Touts are so insistent that 5 separate tailors have your exact measurements before you've walked more than 50 metres. Politeness will only get you so far, so you try stern no's for awhile then finally, you just have to completely ignore all of them. I have an added advantage though. My appearance belies my friendly personality and people often think I am one request for a tuk-tuk ride away from dolling out some obligation free head-butts.

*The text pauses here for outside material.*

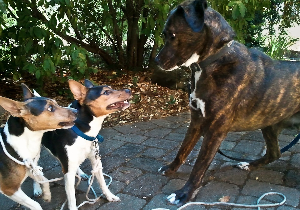 That changed the day the Adam-daughter found the fox hunters outside the door. Though the brindle was more proficient at the various communication media of the Adam children, her command of sign was passable enough that she recognized the newcomers desired to speak with her urgently. So after the Adam-son – whom she often thought of as the Headmaster – finished tying them to the hot tub lid’s lift bar she barked until he let her outside.
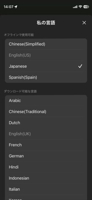 翻訳には専用アプリを使います。アプリの右上の「翻訳」をタップして、自分の言語と相手の言語を選択します。

My black leg contributes somewhat to this misunderstanding, and I guess I am not surprised by the degree of attention it gets. Most people are probably thinking 'what the fuck?' or 'why the fuck?', and the bold few try to stop me to ask questions about it. No matter what answer I give, it leads to a sales pitch of some description. “Oh, so you've been to India huh? Our tailor is Indian, would you like to buy a suit? Here's my business card, when you buy, you buy from me, promise?”
Unfortunately, my lungs will probably end up a similar colour to my leg if I stay too long. Bangkok has a pollution problem that makes everyday living like snorkelling with a muffler. Part of the appeal of coming to Asia was to give my lungs a rest from living more like a Rastafarian than a Buddhist. Against Simon's admonitions,one night in Ko Samui was given a herbal make-over but I've felt far better off for abstaining.
The main reason why I was in Bangkok was to obtain a Vietnam visa. I tried to book one on-line, as well as a flight to Hanoi, only to discover I had brought an expired credit card away with me. Minor events too numerous to mention snowballed from there and I was left grinning moronically while twitching and trying to figure out how to find a positive in it all. Suffering the consequences of a lack of organisation is an all too familiar feeling that I thought I would have gotten used to by now. My desire to throw all my toys out of my cot shows that I'm still an infant in the face of adversity.
Fortunately the flight could be booked with a debit card but I had to go to the Vietnamese embassy myself. I requested a 3 month visa just to give myself some leeway with my no-plan plans. I paid the price for something similar and received a one month visa instead. I would have sternly protested with the now cashed-up consulate but he looked like the sort of guy who had a history of interrogating G.I.'s with extreme prejudice.
Formalities completed I turned my attention to designing the next tattoo. Ideas in my head were not translating into discernible images, so more ink has been postponed till the end of the trip, money permitting. And with that, it is time to start the trip in earnest as I finally head off to visit a new Asian mistress; Vietnam.